What you should do: Pictures stay out; everything else in the listing below is to be restated word for word.

Data segment:
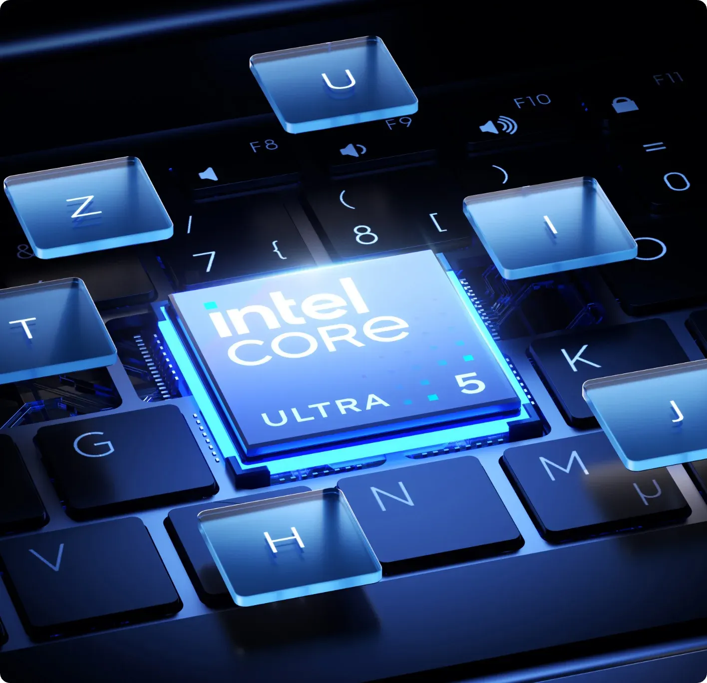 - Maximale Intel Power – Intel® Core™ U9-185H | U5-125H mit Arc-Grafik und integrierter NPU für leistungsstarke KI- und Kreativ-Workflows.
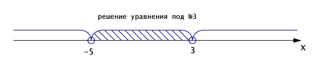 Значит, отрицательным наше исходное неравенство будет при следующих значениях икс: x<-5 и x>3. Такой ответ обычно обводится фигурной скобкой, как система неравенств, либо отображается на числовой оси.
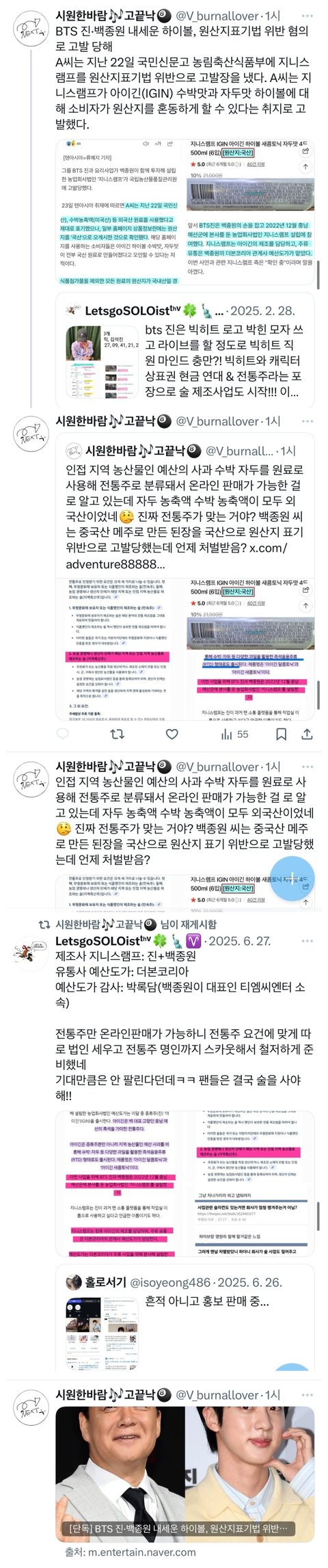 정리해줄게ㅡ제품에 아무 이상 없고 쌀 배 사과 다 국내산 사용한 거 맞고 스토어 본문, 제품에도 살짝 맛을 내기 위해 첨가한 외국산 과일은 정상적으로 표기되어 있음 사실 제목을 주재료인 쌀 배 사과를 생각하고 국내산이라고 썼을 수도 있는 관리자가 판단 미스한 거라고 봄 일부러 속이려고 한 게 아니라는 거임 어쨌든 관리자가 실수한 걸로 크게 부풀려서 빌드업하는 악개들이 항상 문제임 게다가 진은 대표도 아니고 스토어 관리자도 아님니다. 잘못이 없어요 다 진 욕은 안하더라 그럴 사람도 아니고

Response to this exercise:
 - Maximale Intel Power – Intel® Core™ U9-185H | U5-125H mit Arc-Grafik und integrierter NPU für leistungsstarke KI- und Kreativ-Workflows.
 Значит, отрицательным наше исходное неравенство будет при следующих значениях икс: x<-5 и x>3. Такой ответ обычно обводится фигурной скобкой, как система неравенств, либо отображается на числовой оси.
 정리해줄게ㅡ제품에 아무 이상 없고 쌀 배 사과 다 국내산 사용한 거 맞고 스토어 본문, 제품에도 살짝 맛을 내기 위해 첨가한 외국산 과일은 정상적으로 표기되어 있음 사실 제목을 주재료인 쌀 배 사과를 생각하고 국내산이라고 썼을 수도 있는 관리자가 판단 미스한 거라고 봄 일부러 속이려고 한 게 아니라는 거임 어쨌든 관리자가 실수한 걸로 크게 부풀려서 빌드업하는 악개들이 항상 문제임 게다가 진은 대표도 아니고 스토어 관리자도 아님니다. 잘못이 없어요 다 진 욕은 안하더라 그럴 사람도 아니고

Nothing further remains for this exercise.